グルコサミンとコンドロイチンの関節への効果と研究概要

変形性関節症(オステオアルトリティス)

米国国立補完代替医療センターによると、約2700万人が何らかの変形性関節症に罹患しています。関節軟骨や結合組織が徐々に破壊され、手や膝など荷重がかかる関節に痛み、腫れ、変形が生じます。初期は関節のこわばりが主症状ですが、進行すると疼痛や腫脹が顕著になります。

関節の修復メカニズム

関節は常に結合組織を分解・再構築しています。その過程で必要となるのがグルコサミンとコンドロイチンです。これらは関節組織に自然に存在し、正常な関節機能に不可欠な成分です。サプリメントは、これらの成分を関節代謝に供給しやすくすることを目的としています。

グルコサミンの役割

グルコサミンは、グリコサミノグリカン(GAG)合成の前駆体です。GAGは軟骨の構成要素であり、コラーゲンタンパク質の生成を助けます。サプリメント形態のグルコサミンは、軟骨組織に水分を保持させ、柔軟性とクッション性を向上させると考えられています。

コンドロイチンの役割

コンドロイチンはGAG合成に関わるもう一つの前駆体で、軟骨中に高濃度で存在します。水分保持力が高く、軟骨の分解を遅らせる働きがあります。市販のサプリは牛の軟骨から抽出したコンドロイチン硫酸塩で、関節の結合組織や衝撃吸収クッションに多く含まれています。

治療効果に関する研究

グルコサミン・コンドロイチンの有効性は依然として議論の対象です。

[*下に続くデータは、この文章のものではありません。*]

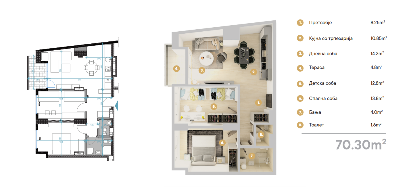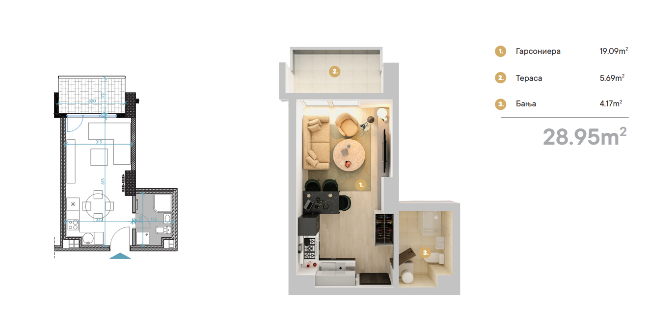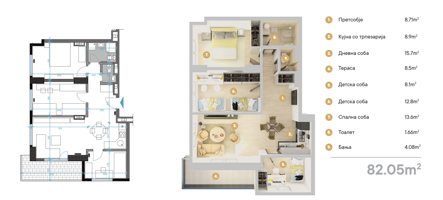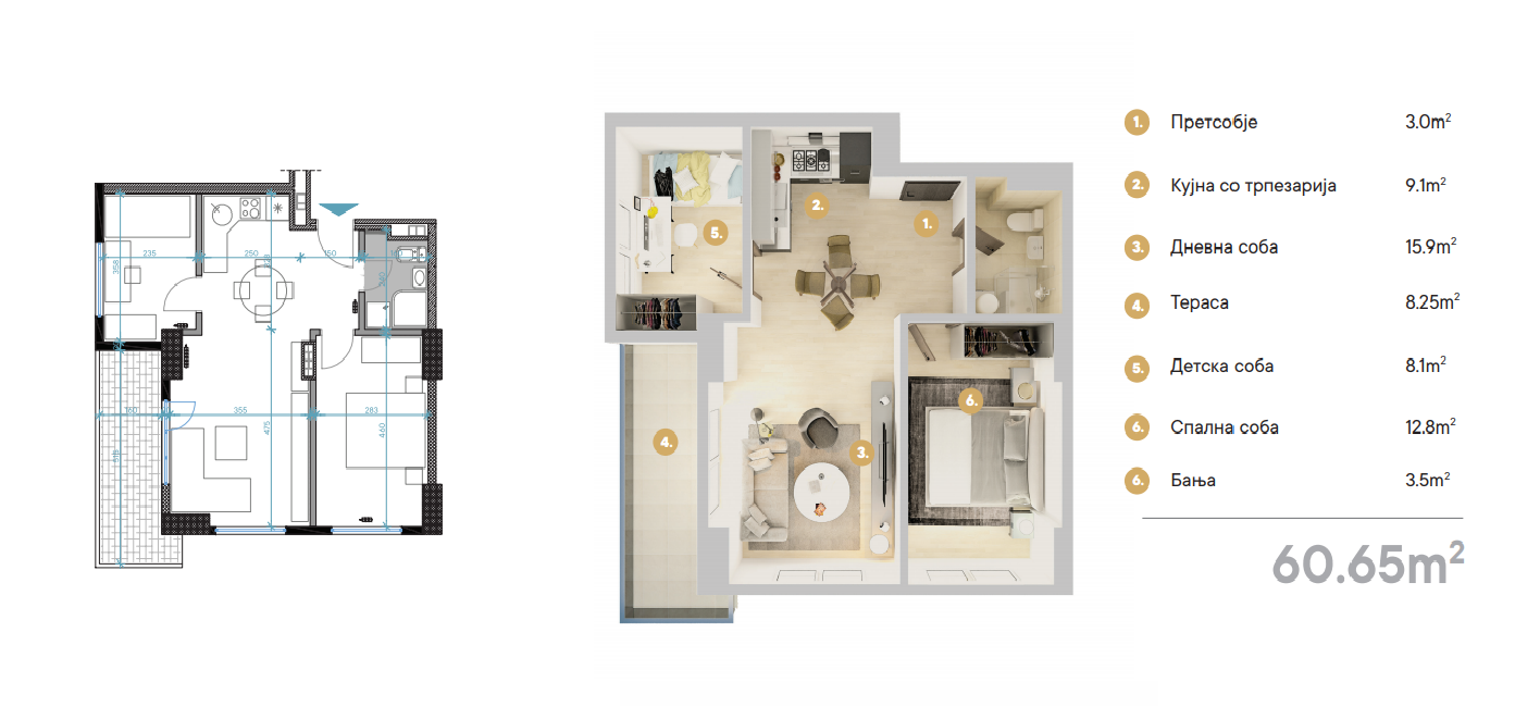 61m2, 70m2, 82m2 for a price of 950 euros per m2;
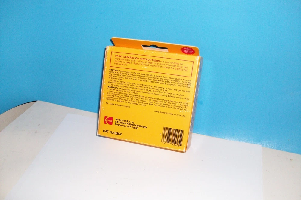 Kodak Instant Color Film with Trimprint feature. It's a "Take-Two Pack". 20 total pictures. Item no. PR144-10-2. The box is unopened. Use by date is 10/1986. The box shows normal wear from handling/age. Payment is due within 5 days.
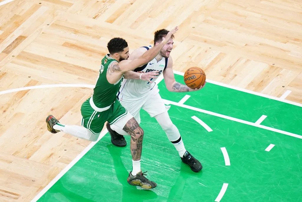 ▲塔图姆和东契奇上赛季NBA总决赛的正面对抗
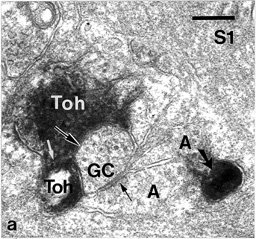 | a) Toh-IR processes are presynaptic to other Toh-IR processes (white arrow) and to a ganglion cell (GC) dendrite (black/white arrow) in S1. The GC dendrite is also postsynaptic to an unstained amacrine cell (A). A neighboring unstained amacrine cell (A) is presynaptic to another Toh-IR process.
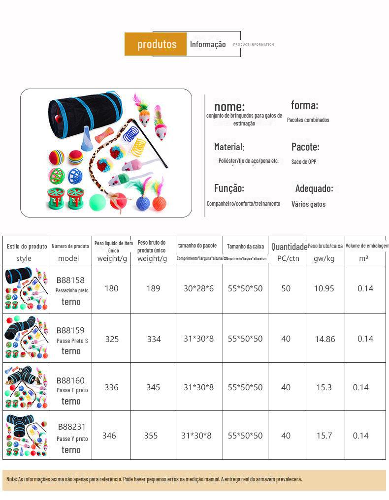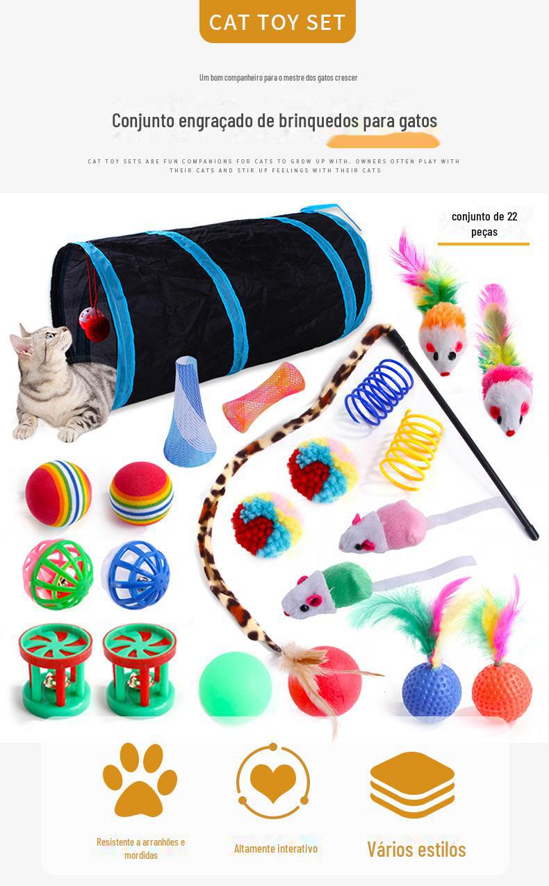 Novo brinquedo de estimação para gatos transfronteiriços, bola de sino, pena, bastão de gato engraçado, pelúcia, rato, túnel de gato de mola, 22 peças, terno
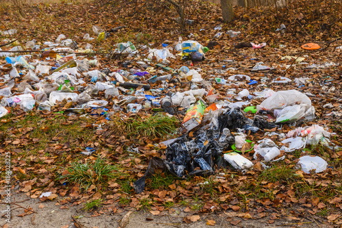 © ihorbondarenko, Obraz premium Different garbage on a ground in forest
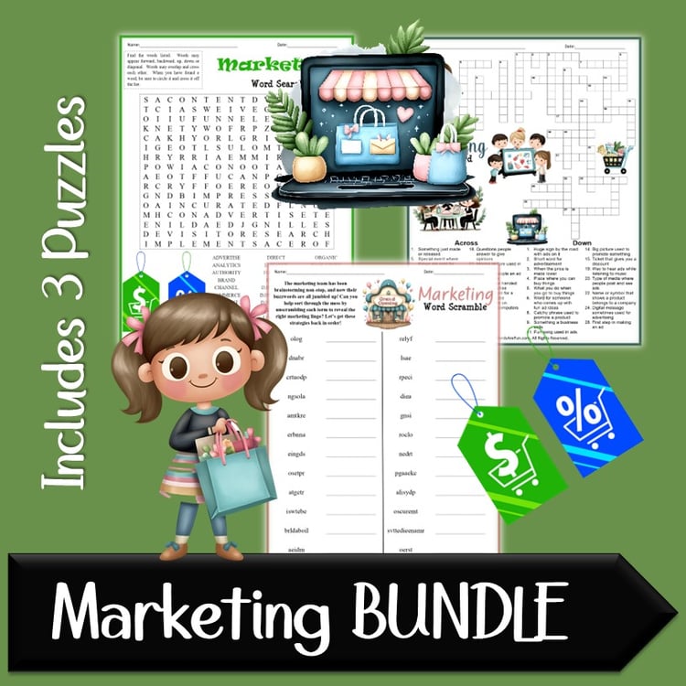 Each activity includes both color and black-and-white versions with name and date lines. Word-based puzzles also include word banks and solutions for easy learning.
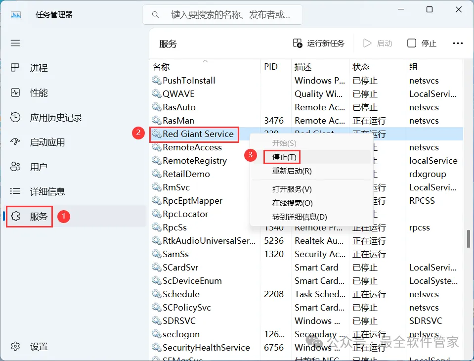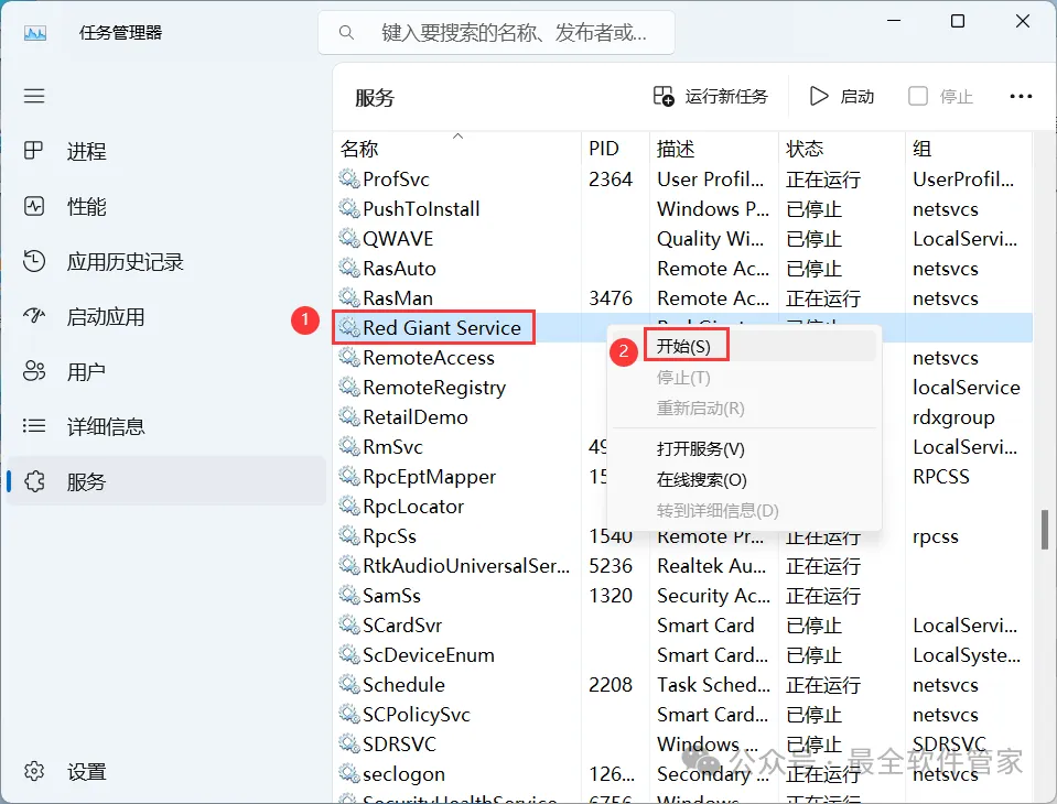 26、回到任务管理器界面,找到【Red Giant Service】,右键它点击【开始】
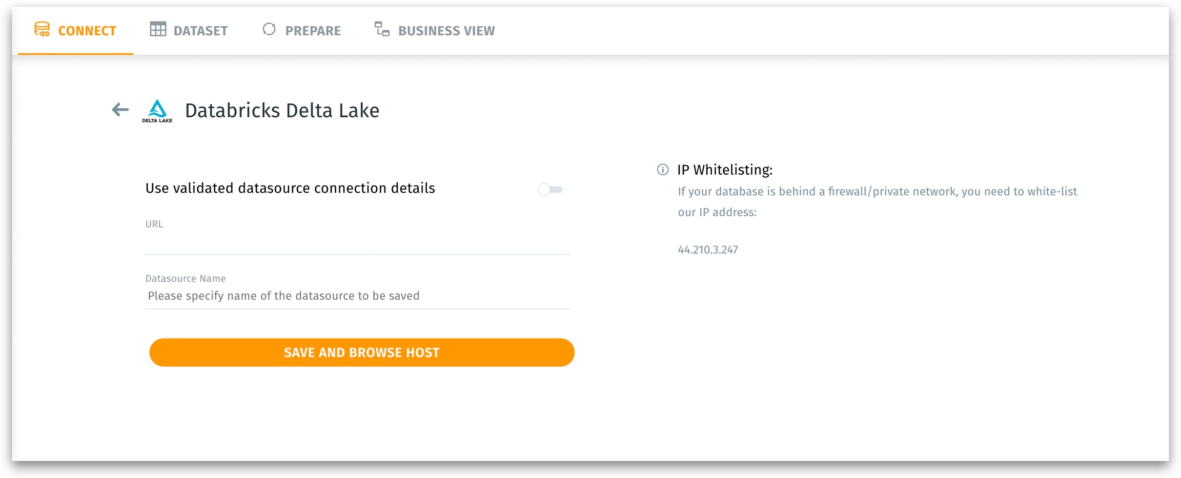 Use validated datasource connection details: When enabled, it reveals a dropdown to choose from existing, previously configured Delta Lake connections.
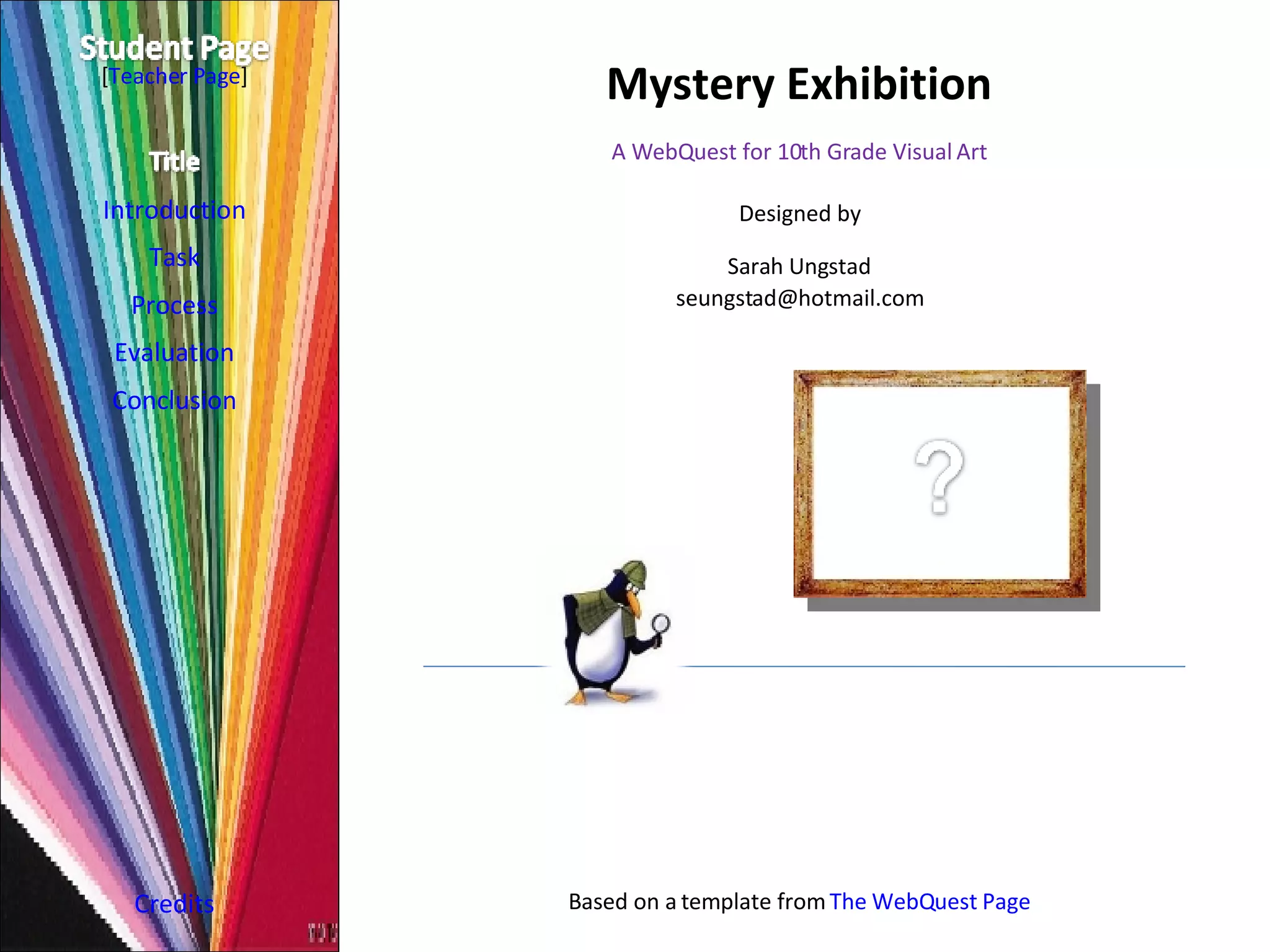 This document provides instructions for a lesson plan where students research a modern American artist based on clues provided. Working in groups, students determine the artist, research their life and work, and create a PowerPoint presentation. The goal is for students to learn about the artist and their cultural context. Assessment is based on the accuracy, relevance, organization, and group collaboration in the presentations.
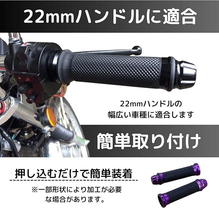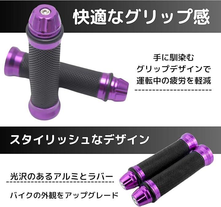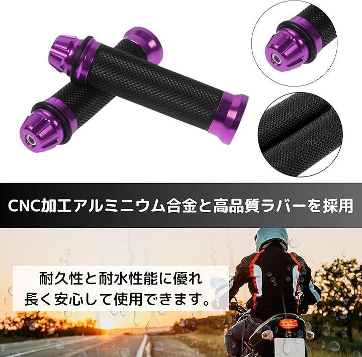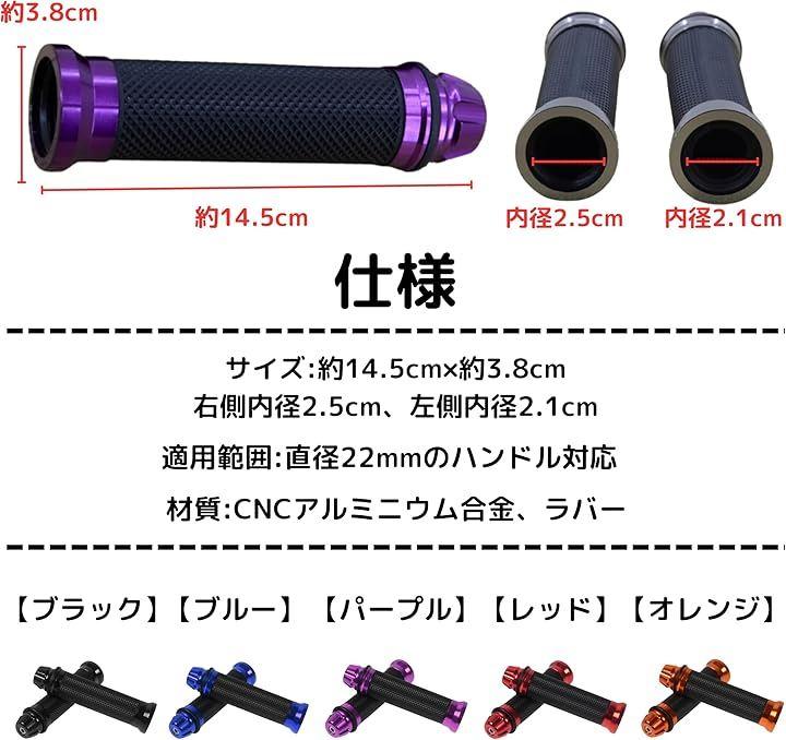 「仕様」サイズ:約14.5cmx約3.8cm、右側内径2.5cm、左側内径2.1cm、適用範囲:直径22mmのハンドル対応、材質:CNCアルミニウム合金、ラバー、カラー:紫/赤/青/オレンジ/黒
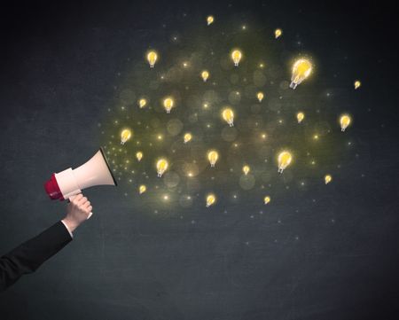 Caucasian business hand holding megaphone with yellow lightbulbs
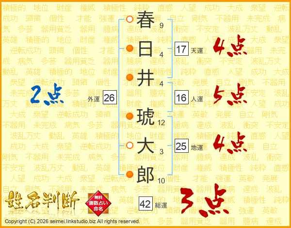 春日井琥大郎さんの地運は25画の4点!
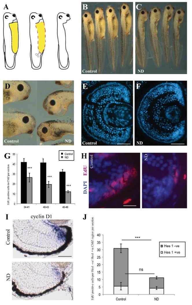 Fig. 1. Nutrient deprivation causes a decrease in CMZ proliferation. (A) The nutrient deprivation (ND) procedure. The yolk-rich gut (yellow area), which feeds the embryo, was removed by dissection (red dashed line), leaving the animal in a nutrient- deprived state. Xenopus ND embryos appeared developmentally and morphologically normal 2 days after yolk dissection when compared with control animals (B), but were smaller (C) with smaller eyes (D; control on left, ND embryo on right). (E,F) The cross-sectional area of the whole retina was reduced after ND. ND also reduced the size of the ciliary marginal zone (CMZ) (H) and decreased CMZ proliferation as measured by EdU incorporation after a 2-hour pulse (G,H). In G, embryos were nutrient-deprived during the stages shown. n=10-20 retinas per condition. (I) ND decreases both the domain and intensity of cyclin D1. (J) ND significantly decreased EdU incorporation in progenitor (Hes1 negative) cells but did not affect proliferation in the Hes1-positive stem cell population. n=3, 12 embryos/condition. (G,J) Error bars show 95% confidence intervals; ***Pâ¤0.001 (unpaired t-test); ns, not significant. Scale bars: 100 μm (E,F); 50 μm (H,I).
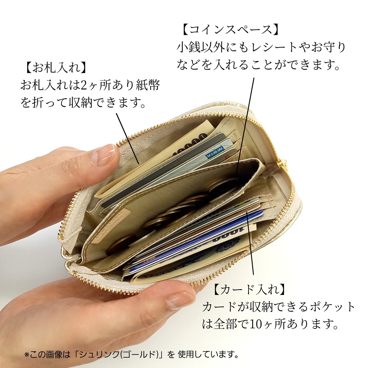 二つ折りにしたお札が入るスペースが2か所、カードが入るポケットは10か所あります。
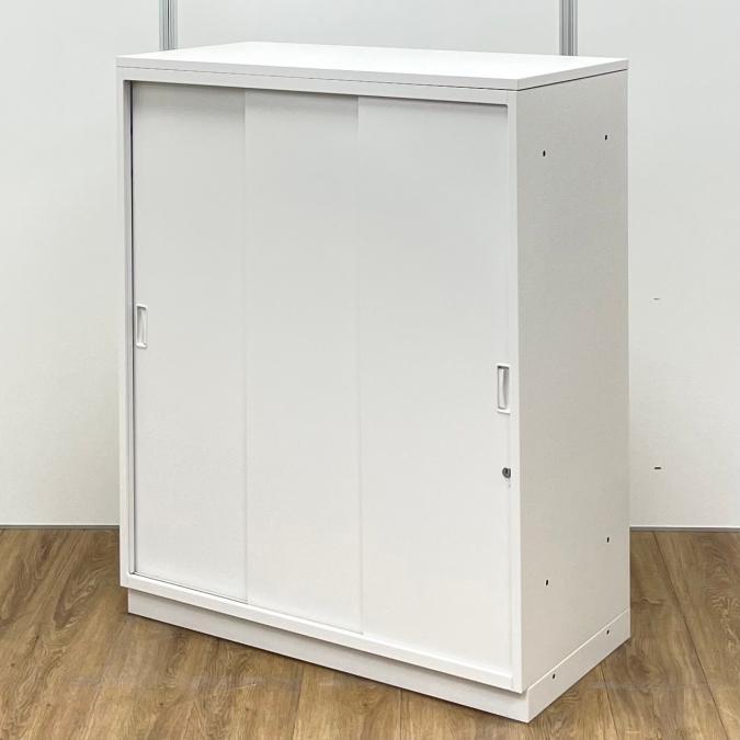 中古 イトーキ製 シンラインシリーズ ホワイトカラー ホワイト天板付き スライド引き戸だから開閉スペースに困らない 3枚引き違い書庫!! W800- 東大阪店
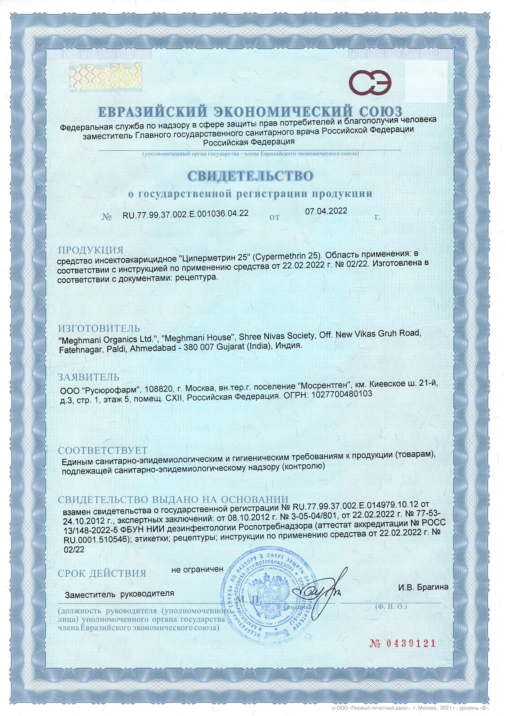 Средство инсектоакарицидное Циперметрин 25% к.э. представляет собой концентрат эмульсии в виде однородной жидкости от бледно-желтого до желтого цвета с запахом ароматизатора. Относится к 4 классу малоопасных веществ.
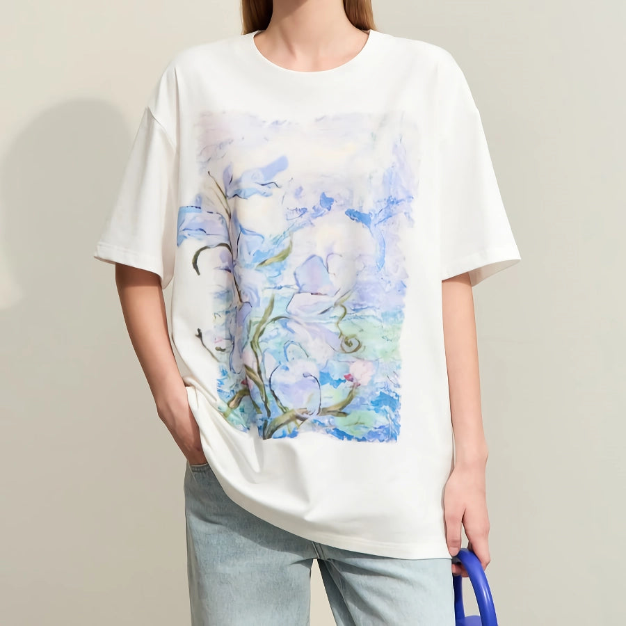 Minimalist Art Print Cotton T-Shirt for Women - Casual Short-Sleeve Top

多数の臨床試験が実施されていますが、結果は一様ではありません。米国で2006年に実施された大規模多施設試験「GAIT(Glucosamine/Chondroitin Arthritis Intervention Trial)」では、膝の変形性関節症患者において中等度から重度の疼痛を訴える群で痛みの軽減が認められました。ただし、軟骨の再生や厚みの増加といった構造的改善は明確に示されていません。